Since we can only increment values and not decrement them, the optimal strategy is to process numbers from smallest to largest. This way, we can ensure that each number is placed at the smallest possible unique position.

Think about it this way: if we have duplicate values or values that are too close together, we need to "push" some of them forward (increase them) to create gaps. By sorting the array first, we can process elements in order and maintain a running minimum value that each subsequent element must be at least equal to.

The key observation is that for each element in the sorted array, it should be at least one greater than the previous element to maintain uniqueness. If we track the minimum value y that the current element should become, we can calculate:

  • If the current element x is already greater than y, we can keep it as is (set y = x)
  • If the current element x is less than or equal to y, we must increment it to y + 1

For example, with sorted array [1, 1, 2, 2, 3]:

  • First 1 stays as 1 (y becomes 1)
  • Second 1 must become 2 (y becomes 2, we need 1 move)
  • First 2 must become 3 (y becomes 3, we need 1 move)
  • Second 2 must become 4 (y becomes 4, we need 2 moves)
  • The 3 must become 5 (y becomes 5, we need 2 moves)
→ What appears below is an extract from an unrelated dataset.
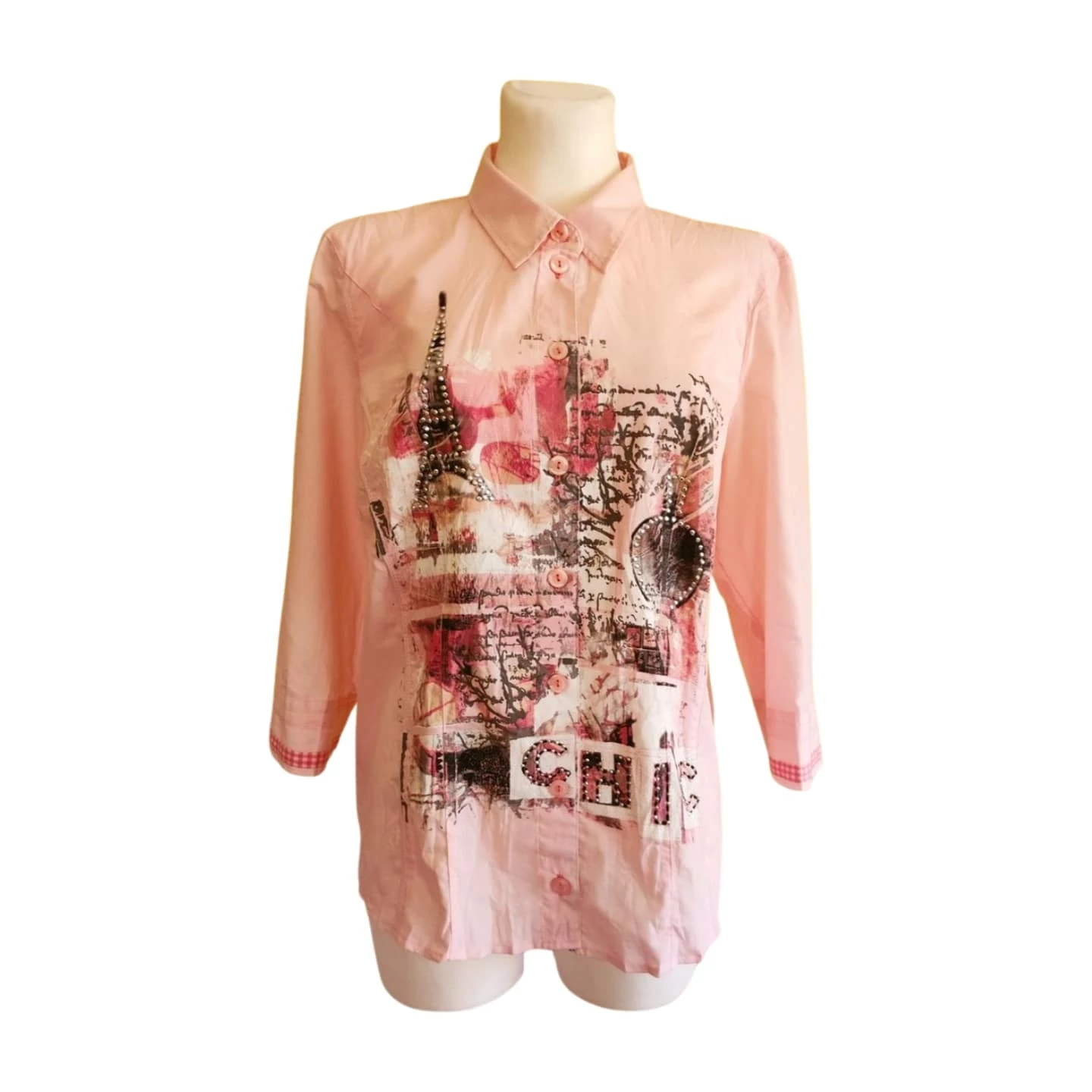 Ez a Bonita rózsaszín Párizs mintás női blúz egy csinos, nőies darab, amely kombinálható több stílusú ruhadarabbal, legyen az laza vagy elegánsabb. Puha pamut anyaga kényelmes viseletté teszi. Fazonja klasszikus, lenge stílusú, 3/4-es ujjú. Jól mutat egy farmerrel ugyanúgy, mint egy nőies szett részeként. A mintáját strasszkövek díszítik. Ajánlott átlagos alkatú hölgyeknek.

The formula y = max(y + 1, x) elegantly captures this logic: we either take the current element if it's already large enough, or we take the next available position y + 1.

Learn more about Greedy and Sorting patterns.

Solution Approach

The implementation follows a sorting + greedy approach:

  1. Sort the array: First, we sort nums in ascending order. This allows us to process elements from smallest to largest, ensuring we can assign the minimum possible values to maintain uniqueness.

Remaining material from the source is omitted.